WGH Heritage owns the Westchester Plaza. HCP and WGH opened negotiations in August 2013 about a potential redevelopment of the site.

“The building is antiquated, and it has issues” and would likely have required redevelopment at some point soon, Paine said.

Moreover, the site has a much higher use than its current one as federally subsidized assisted living, he said. The level of subsidy means the property is tax-exempt today.

But with market-rate apartments, which Paine estimated would bring rents of $1.55 to $1.60 per square foot, the property would begin generating taxes, he said.

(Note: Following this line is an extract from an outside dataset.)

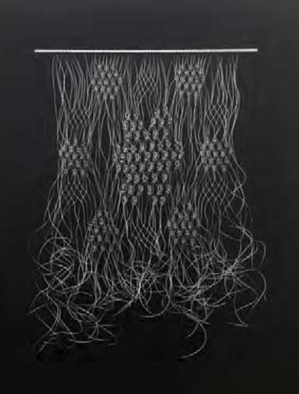 Alü minyum çubuk, 1.5 mm tel, her parça özgü n, örgü motiifi telin kesitinde varolan şeklindenesinlenerek yapılmıştır / Aluminium stick, 1.5 mm wire cable, each piece is unique, theknotting patterns of the macrame are visualizations of the pattern inherent in the cable itself, 140 × 106 cm

The project is expected to generate $2.3 million in property taxes per year, including $854,000 annually for the piece covered by the TIF reimbursement, according to the TIF documents.

The project cost includes $40.2 million for the apartments, retail and garage, meaning a public-private ratio on the TIF reimbursement of 10.3 to 1, according to the documents.

The TIF reimbursement would go toward demolition, grading, drive approach, landscaping, sidewalks, streetlights, and relocation of utilities.

Balfour Beatty Construction of Fort Worth will be the contractor.